Великое сидение, стр. 169

– Хорошо, государь, распознал чужеземцев, – весело говорили его сподвижники.

– Я же не в коротких наездах бывал у них, когда различным ремеслам обучался.

– Сколько их, государь, изучил?

– Сколько?.. А вот давай считать. Начнем с плотницкого…

Петр насчитал, что знал он четырнадцать ремесел.

– Пятнадцать. Про одно забыл, – заметил Меншиков.

– Какое же?

– А то еще, что царь. Искусным стал в таком ремесле, можно смело сказать, что не всякому дано.

Дружно все посмеялись, и больше всех смеялся сам Петр.

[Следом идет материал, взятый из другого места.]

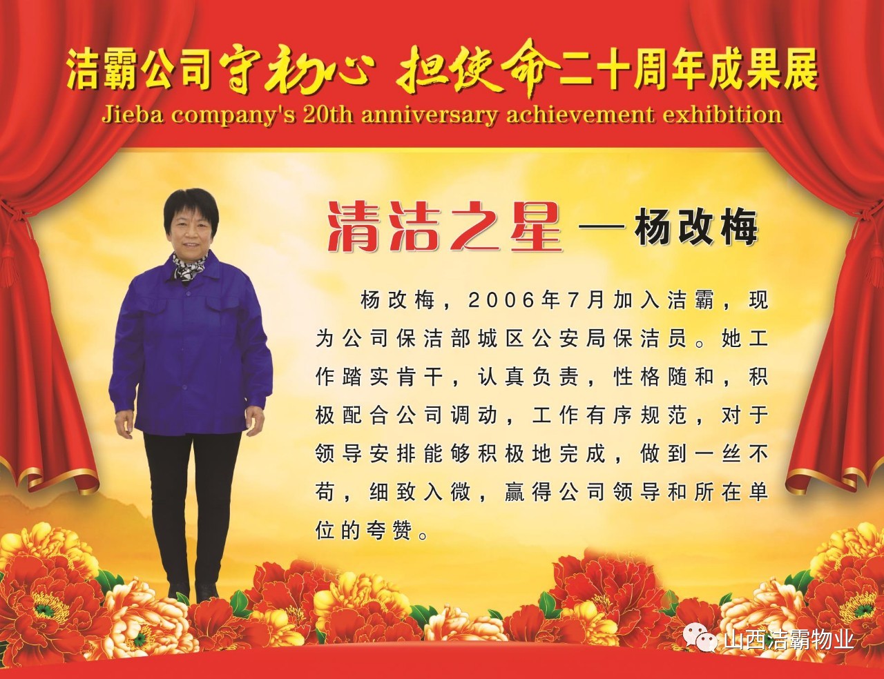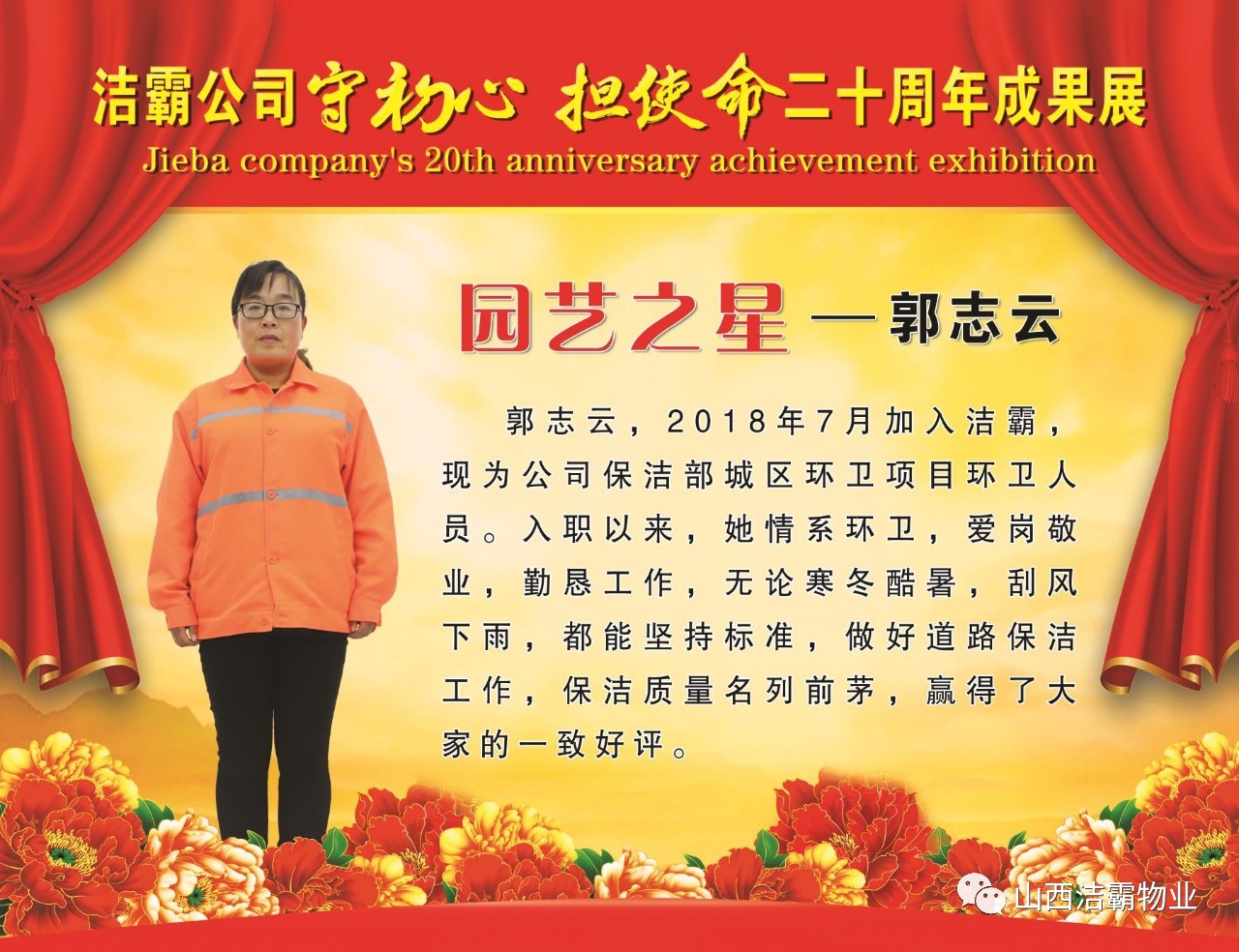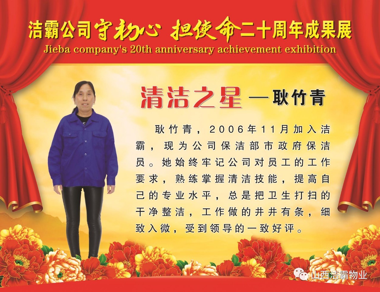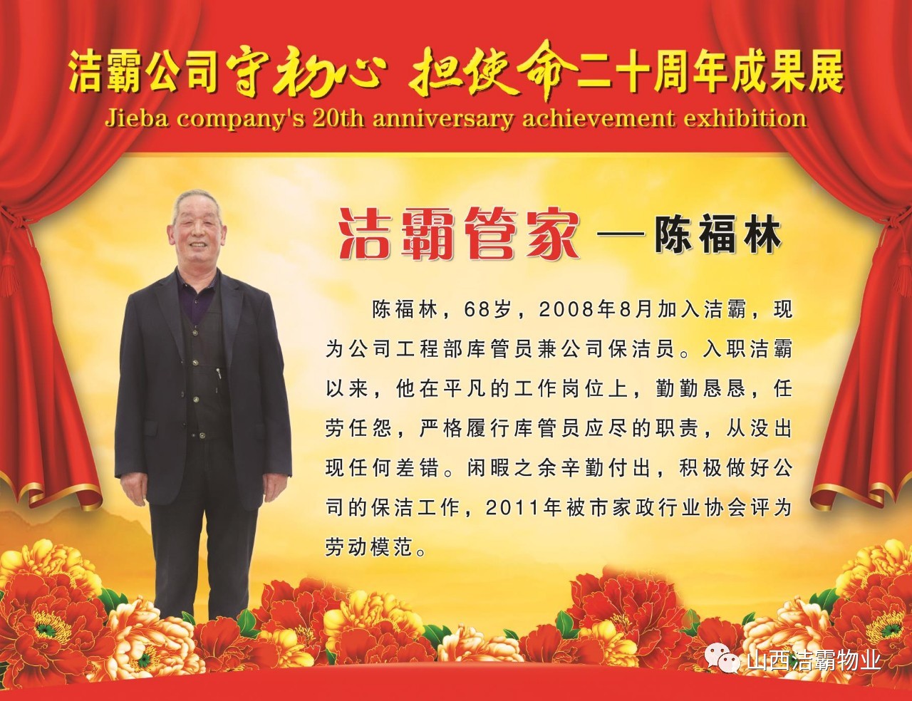 本次晚會(huì)以“潔霸二十華彰,感恩共創(chuàng)輝煌”為主題,此次慶典的核心思想是“感恩”,主要角色是潔霸的創(chuàng)業(yè)者。為此,公司對(duì)入職潔霸的創(chuàng)業(yè)功勛和一線員工進(jìn)行了表彰獎(jiǎng)勵(lì)。本次晚會(huì)共設(shè)8個(gè)獎(jiǎng)項(xiàng),包括“潔霸先鋒”“奉獻(xiàn)之星”“管理之星”“潔霸管家”“潔霸工匠”“清潔之星”“潔霸衛(wèi)士”“園藝之星”等。他們是:李山虎、張永智、史志霞、陳福林、王紅軍、余艷青、劉二丑、成艷粉、楊改梅、王書玲、張國(guó)榮、耿竹青、張粉霞、宋秋苗、陳先梅、張晉平、張偉山、趙瑞軍、王廣平、郭志云。晉城市原副市長(zhǎng)成育廷、晉城市商務(wù)局原局長(zhǎng)王新善、晉城市非公和社會(huì)組織工委書記郎軍芳、晉城市婦聯(lián)三級(jí)調(diào)研員李蓮菊、晉城市總工會(huì)商貿(mào)輕紡煙草服務(wù)業(yè)工會(huì)主席張玉濤、晉城市城區(qū)財(cái)政局局長(zhǎng)翟明太等領(lǐng)導(dǎo)為他們頒獎(jiǎng)。

– И еще одному, очень важному у иноземцев я обучился, – сказал он. – Особенно у французов. Научился остерегаться такой роскоши, какая при их дворе. Все стерегитесь роскоши, яко заразной болезни, хотя и немало укоров слышал, что веду себя неподобающе званию. Но, – развел Петр руками, – ничего не поделать. Видно, уж таким уродился, а в кого? – пожал он плечами. – Не ведаю… Этот вот, – указал он на Мусина-Пушкина, – знает, что он сын моего отца. Его родительница про то ему сказывала. А от какого отца я?.. – обвел он взглядом сидевших около него стариков и задержался на Стрешневе. – Уж не от тебя ли я, Тихон Никитич? Ну! Говори, не бойся. Говори, не то задушу! – шутливо угрожал Петр.

– Государь, смилуйся, – приподнял руки Стрешнев. – Не один я был…

VII

Еще не было такой компании, которая рано или поздно не расходилась бы.

Задержавшись на ассамблее, Петр изменил своему правилу, просрочил время ложиться спать. Кто еще не нагулялся, пусть гуляет хоть до полуночи, а то даже и до утра, а ему завтра рано в Адмиралтействе быть и надо отсюда отчаливать.

– Катеринушка, Аннушка, Лисаветка! – сзывал Петр своих домочадцев. – Восвояси пора.

Сестрам-герцогиням впору бы под лавкой спрятаться, дабы дядюшка-государь не увидел их и не позвал уезжать. А он на них и внимания не обратил. Ну и слава богу! Уехал с царственным своим семейством, – без него вольнее.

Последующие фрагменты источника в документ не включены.